WORK REQUEST:
In the listing that follows, find the line with "- 唐物 時代 朱泥 「潘華弟」落款", then copy exactly from it through the line with "Misa Los Angeles", leaving out every picture.

━━━━━━━━━━━━━━━━━━━━

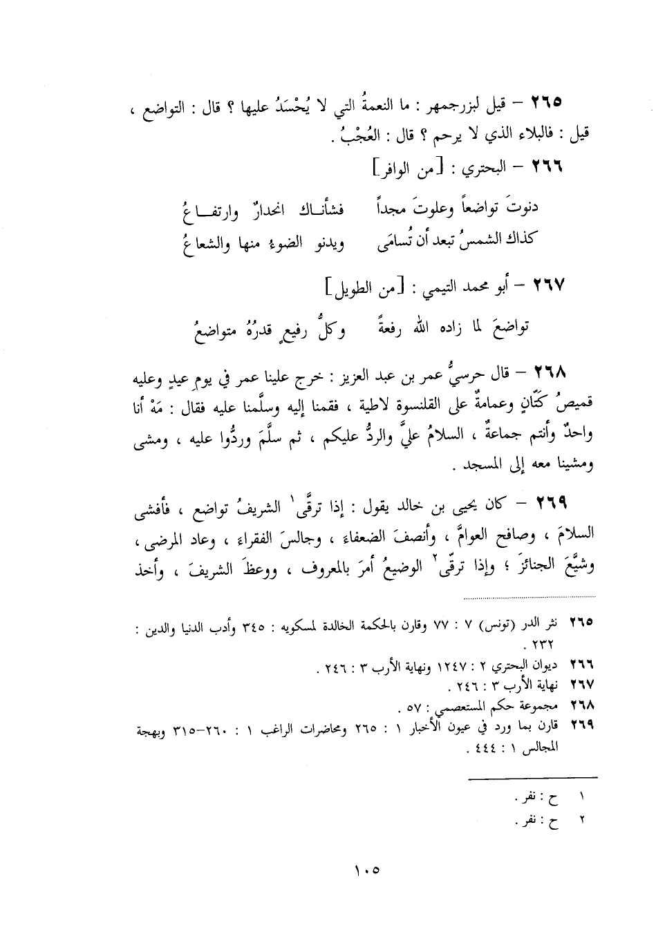«269» - كان يحيى بن خالد يقول: إذا ترقّى [1] الشريف تواضع، فأفشى السلام، وصافح العوامّ، وأنصف الضعفاء، وجالس الفقراء، وعاد المرضى، وشيّع الجنائز؛ وإذا ترقّى [2] الوضيع أمر بالمعروف، ووعظ الشريف، وأخذ
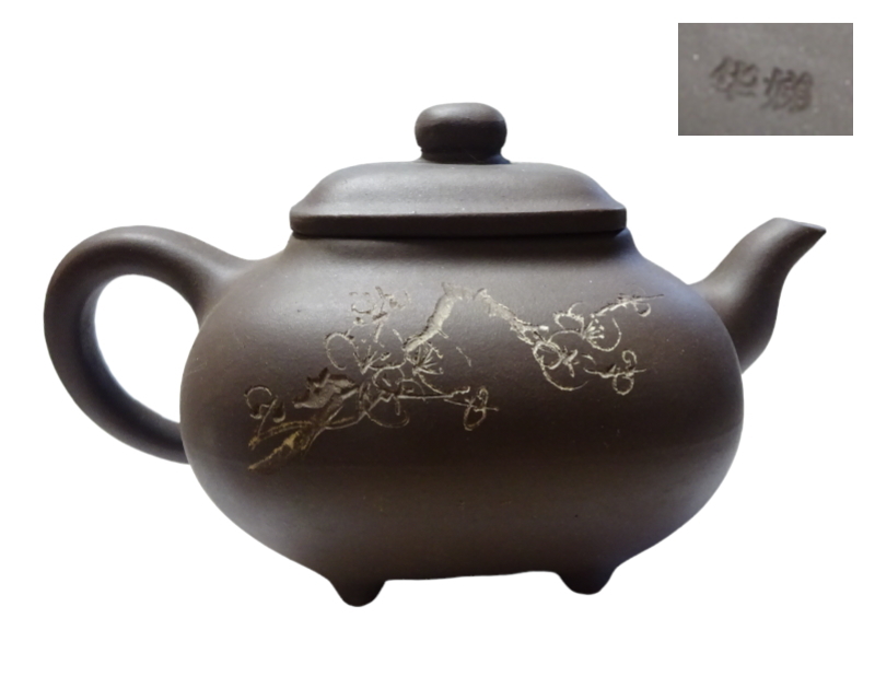 - 唐物 時代 朱泥 「潘華弟」落款 大振 紫泥 紫砂壺 宜興 紫砂 急須 茶壺 茶器 在銘 茶道具 時代物 中国美術 朱泥 紫砂茶壺 g0229p
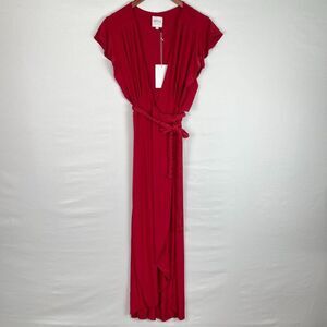 Misa Los Angeles Revolve Irina Wrap Maxi Braided Tie Ruffle Sleeve Dress Red S
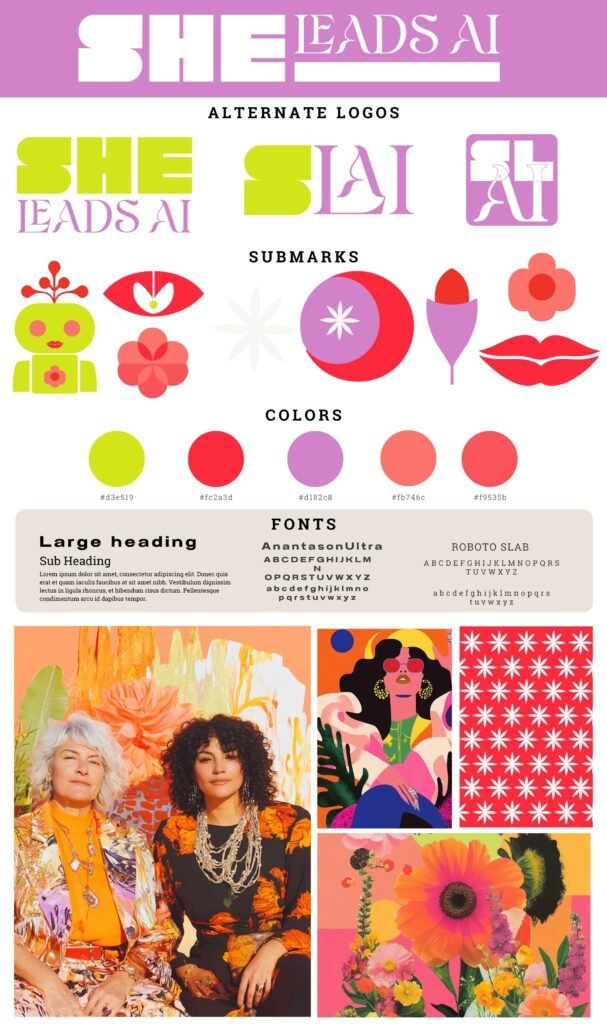 This wasn’t about being “nice” or “clean.” This was about building a powerful, unapologetic, sassy-but-strategic brand for women 40+ who are done waiting for a seat and are now building the damn table. I had one call with the founder: full creative freedom, zero red tape. That trust? It supercharged the creative process. She Leads AI needed a brand that looked the part and sounded like it meant business.
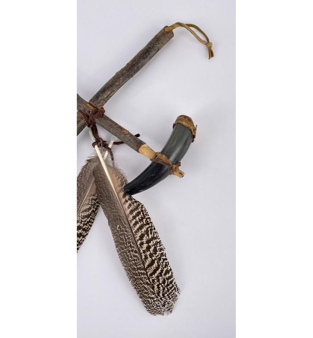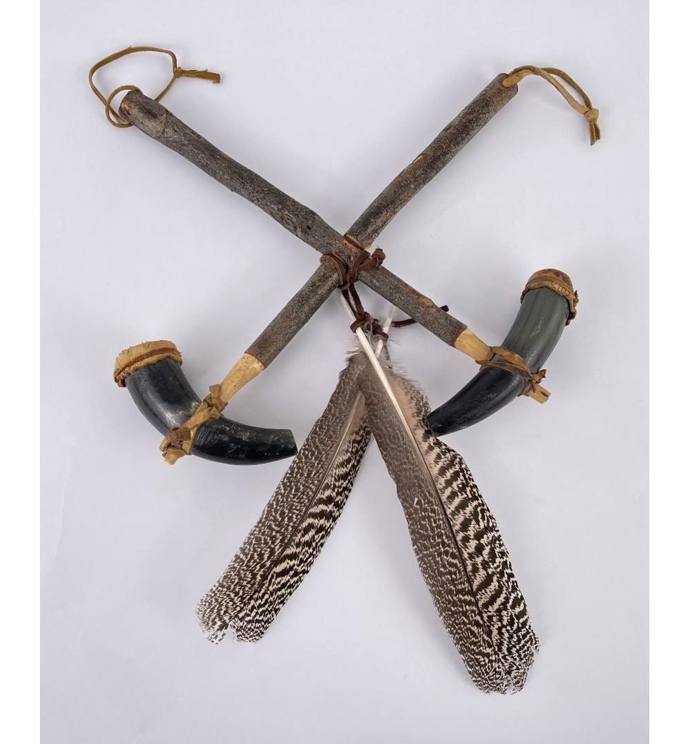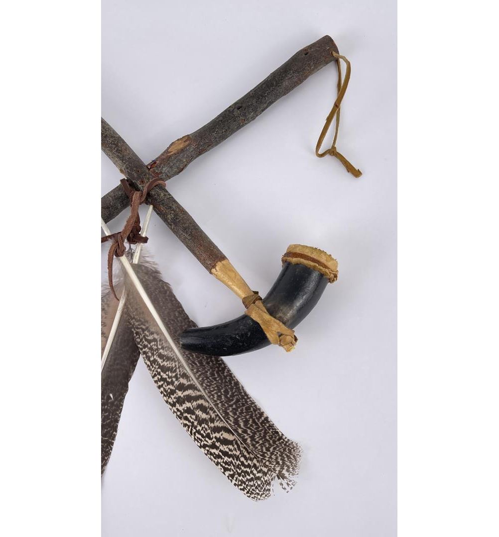 Measures 16" wide and 16" to bottom of horn. Rattles are fixed together. Feathers are dyed turkey.
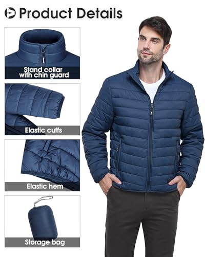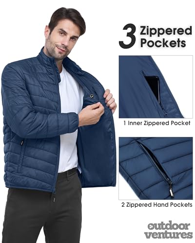 Outdoor Ventures Men’s Lightweight Packable Puffer Winter Jacket Insulated Puffy Coat for Snow Ski Hiking Travel
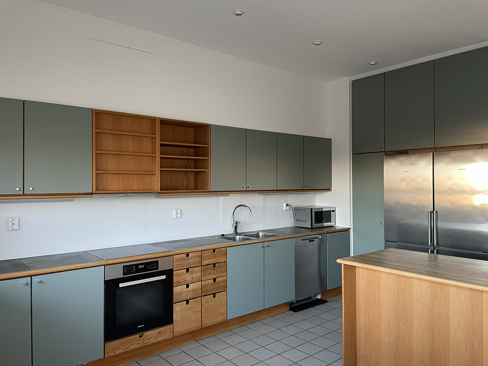 • Keittiön kuvaus Keittiössä induktioliesitaso, erillisuuni, liesituuletin, astianpesukone, 2 x jää-pakastinkaappi sekä mikro.
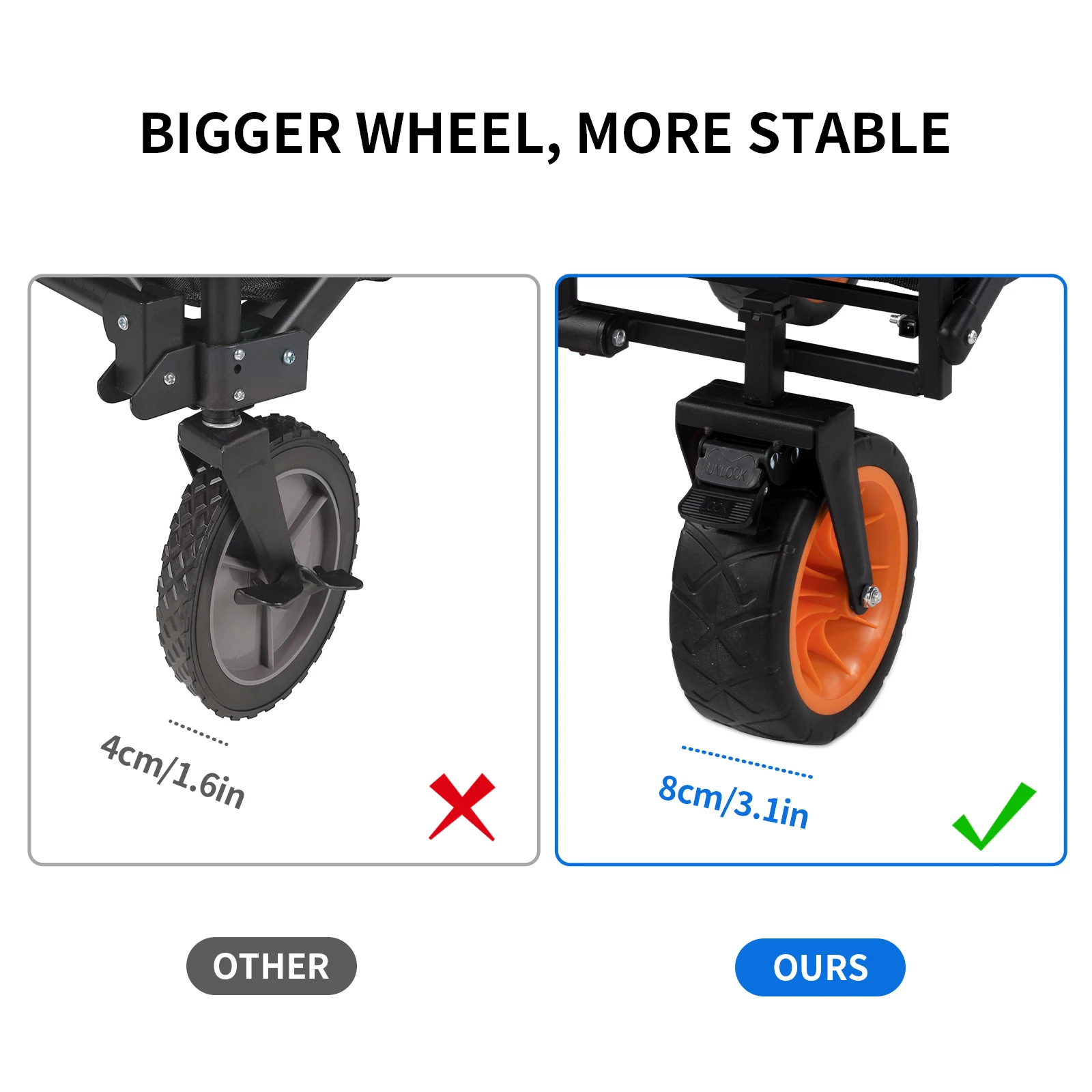 Large Capacity:with a maximum capacity of 29.4 gal (150 L) ,The tent, canopy, tables and chairs, and cooking utensils can be pulled away in a car, reducing the number of trips to and from picking up things.
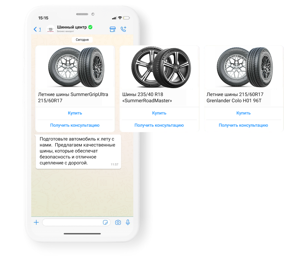 Теперь представьте другой сценарий: клиент получает одно сообщение, в котором все уже разложено по полочкам. Карточки товаров, описания, кнопки действий — все наглядно, без лишнего текста и переходов.
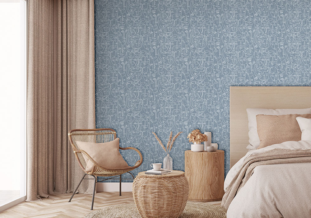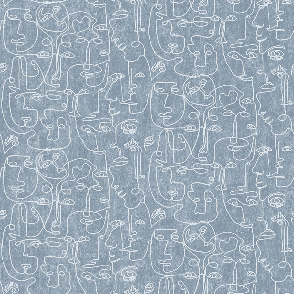 Vliesová grafická modro-šedá tapeta - obrysy tváří, obličejů.

━━━━━━━━━━━━━━━━━━━━

REPLY TO THE TASK:
 - 唐物 時代 朱泥 「潘華弟」落款 大振 紫泥 紫砂壺 宜興 紫砂 急須 茶壺 茶器 在銘 茶道具 時代物 中国美術 朱泥 紫砂茶壺 g0229p
 Misa Los Angeles Revolve Irina Wrap Maxi Braided Tie Ruffle Sleeve Dress Red S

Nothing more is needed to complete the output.